Workflow: Dividing a dataset using the Partition block

Ian Balanzá-Davis
Ian Balanzá-Davis
Altair Employee
edited October 2022 in Altair RapidMiner

The Partition block enables you to split up a dataset variable into multiple parts. For example, if you are training a model, you can use this block to split up a dataset into training and testing datasets.

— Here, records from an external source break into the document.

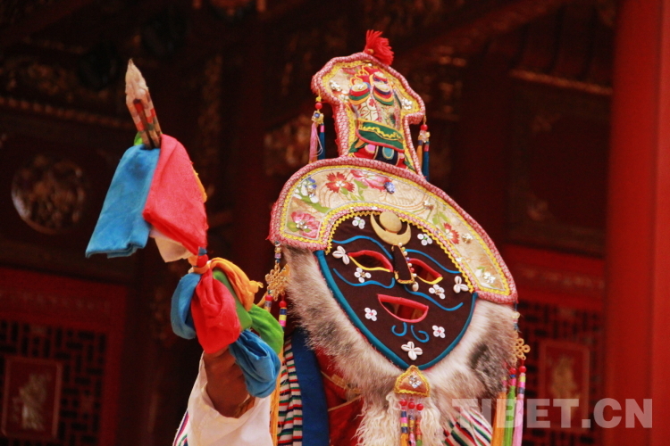 圖為拉薩市城關(guān)區(qū)娘熱民間藝術(shù)團(tuán)演員多吉次仁表演國(guó)家級(jí)非物質(zhì)文化遺產(chǎn)“嘎爾”攝影:劉莉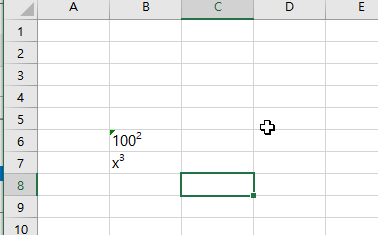 문자인 경우는 텍스트형태로 인식하여, 제곱을 바로 표시가 잘되지만 숫자만 인경우는 숫자로 인식하여, 일부 숫자만 제곱으로 표현이 되지 않습니다. 그럼 되도록 하는 방법으로 알아보죠. 100에 제곱을 표시해보겠습니다.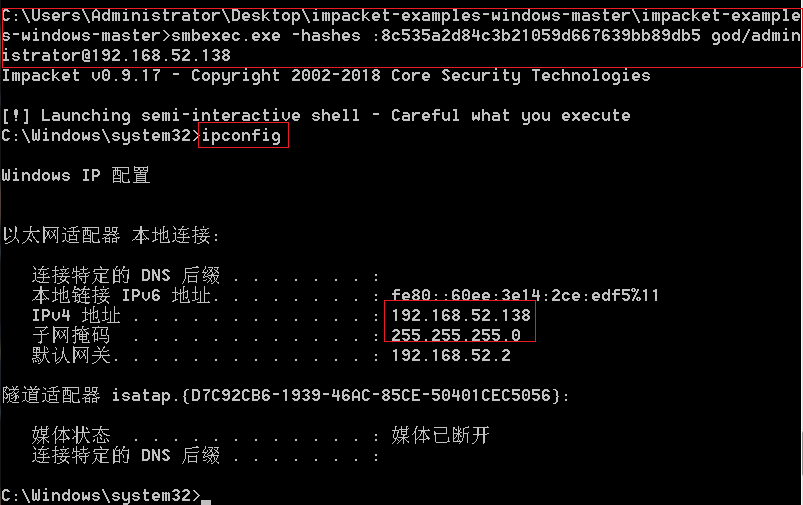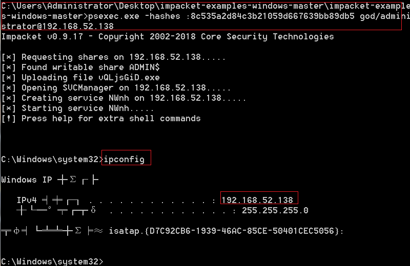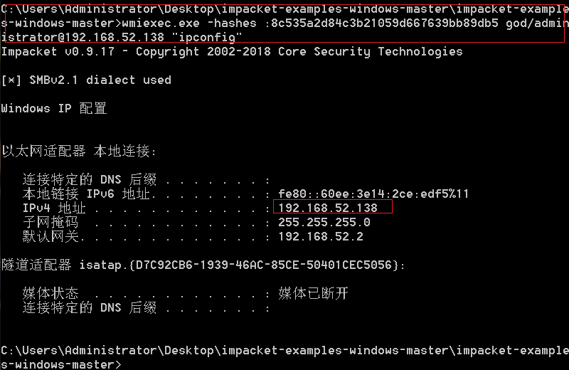 wmiexec.exe -hashes :8c535a2d84c3b21059d667639bb89db5 god/administrator@192.168.52.138 "ipconfig"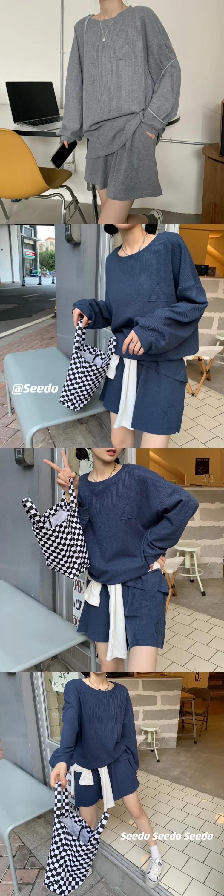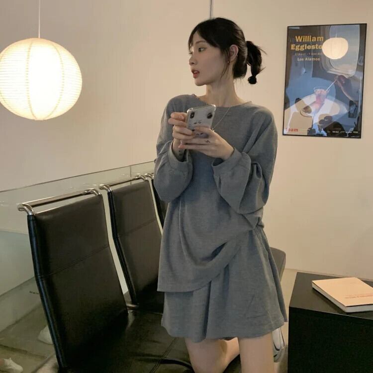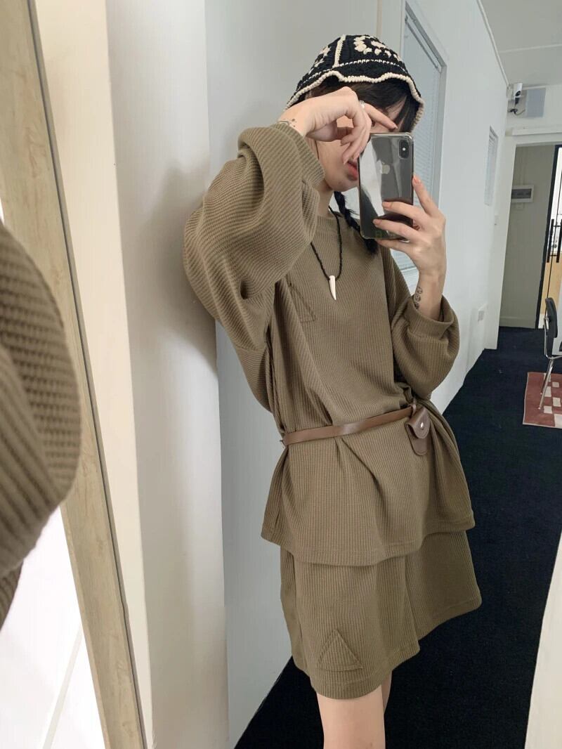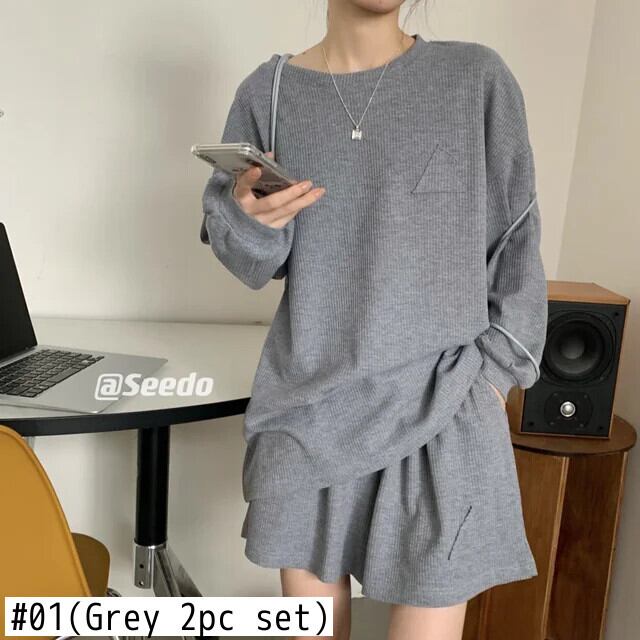Sweet Hot Girl スーツ レディース 春秋 長袖ニットトップ ワイドレッグショートパンツ 2点セット ロング 大人ガーリー スウィート キュート カジュアル スプリング 春物 オータム 秋物 ワイドパンツ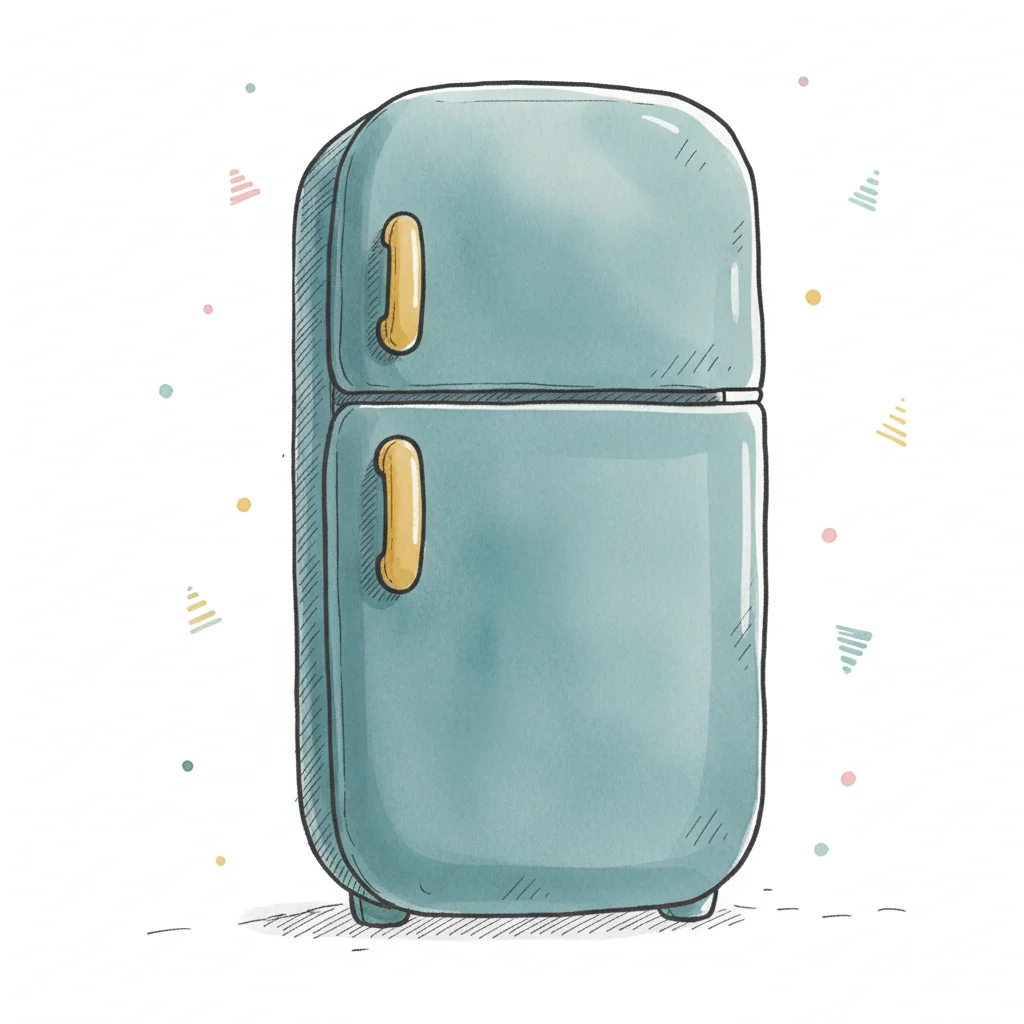 Niedliche, handgezeichnete Illustration eines hellblauen Kühlschranks mit zwei Türen und gelben Griffen.
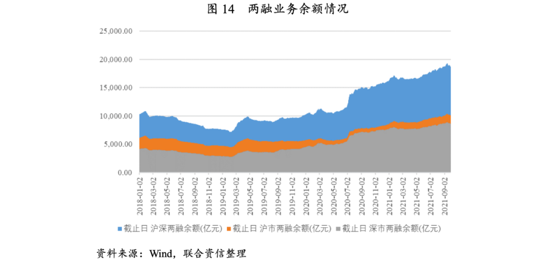 2021年三季度,滬深兩融余額隨市場活躍度攀升不斷創(chuàng)出新高。2020年至今,證券市場持續(xù)回暖,滬深兩市兩融余額呈增長態(tài)勢。2021年一季度,滬深指數(shù)有所調(diào)整,兩融余額在1月達到階段性高點17156.53億元后有所回落;2021年二、三季度,隨著市場活躍度的攀升,兩融余額不斷創(chuàng)出新高。截至2021年9月末,滬深兩市兩融余額18415.25億元,較上季度末增長3.21%。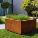 This luxurious Corten steel piece, featuring a rectangular shape and a unique rust-like patina, serves as a striking decorative accent.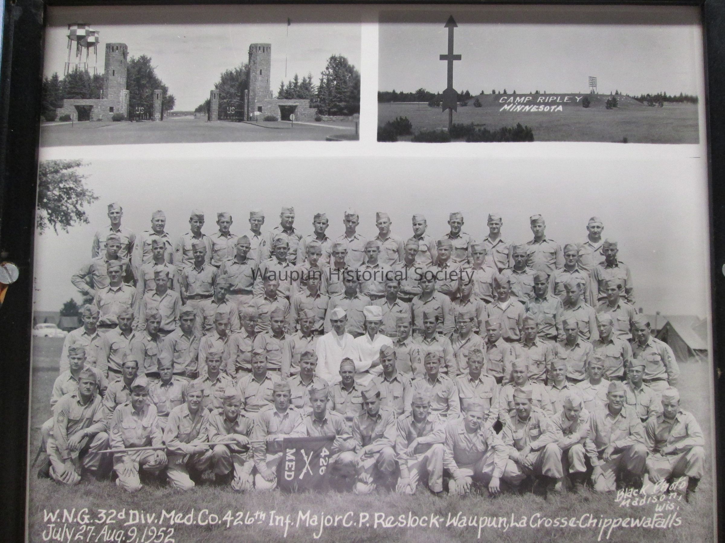 7.5" x 9.5" Black and white photo of W.N.G. 32nd Div. Med. Co. 426th Inf. Major C.P. Reslock-Waupun, La Crosse-ChippewaFalls July 27 - Aug. 9, 1952. The photo includes the gates of Camp Ripley in one photo, a picture of a hill inside Camp Ripley, MN, as well as a photo of the men who were there training the week of July 27th thru August 9, 1952.

The following demonstrates how to use the Partition block to split the input dataset IRIS.csv into three equal parts:

  1. Import the IRIS.csv dataset onto a Workflow canvas using the Text File Import block.
  2. Expand the Data Preparation group in the Workflow palette, then click and drag a Partition block onto the Workflow canvas.
  3. Click the Output port of the IRIS dataset block and drag a connection towards the Input port of the Partition block.
  4. Double-click the Partition block to display the Configure Partition dialog box.
  5. In the Configure Partition dialog box:
    1. Click Add Partition to create a third partition from the input dataset.
  6. Click OK to save the configuration and close the Configure Partition dialog box.

A green execution status is displayed in the Output port of the Partition block and the new Partition1, Partition2 and Partition3 datasets. The Partition block output datasets contain one third of the input IRIS dataset, split into three equal parts.